I definitely didn’t STAY a morning person.
Then, around the time I got a computer, I was taking an interest in filmmaking and screenwriting. I wanted to film stuff and write stuff, but when I wasn’t at school or at marching band practice, I felt overwhelmed. I needed to do homework and practice colorguard, but I wanted to study film and write scripts too. And having so much to do usually made me freeze up and not do anything.
And so, The List in it’s current form was born.

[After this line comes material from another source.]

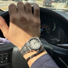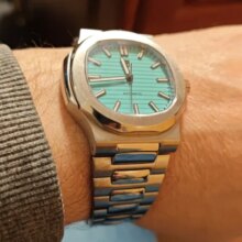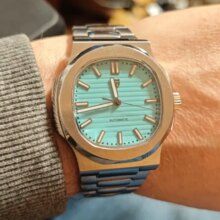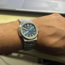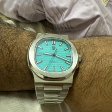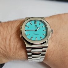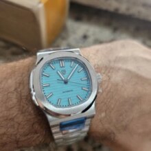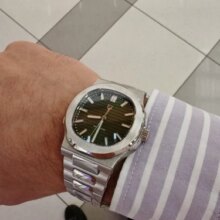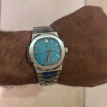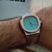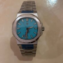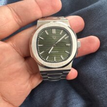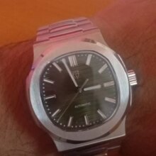 Super nice looking automatic watch. Great homage to the nautilus. Beautiful bracelet and Bright green lume when walking indoors and into the dark
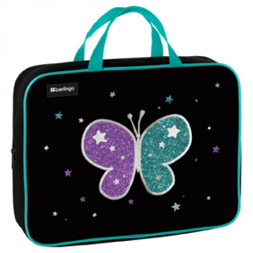 Папка с ручками A4 на молнии "Shining butterfly", 350*265*80мм, текстиль, Berlingo

So I guess now that I’ve written it all out, it does seem like there was some level of problem-solving going on here. But why am I such a spaz that I solve problems in the most random, round-about way possible? I don’t think I’ve properly explained either of my “systems” but even if I could, it’d probably still sound like mad ravings of a seriously anxious person.
Which I guess they are.
I don’t need to flip the lights on and off to keep my family from dying or anything, but at least that sounds crazy enough that you’d feel sympathetic – clearly that person can’t help but be that way. But me? I can get off my systems, bend them, and change them. I seem perfectly capable of living like a normal human, but for some reason I chose this.
My sister is terrible at making choices. She’ll ask us all what she should do or wear or say, take votes, then ask if we’re really really sure. I think I have the same issue, but instead of finding someone to make my choices for me, I chose… randomizing.
Like a crazy person.
Anyway, I don’t feel bad staying on zoloft without a “real” diagnosis. I’m pretty sure I need it.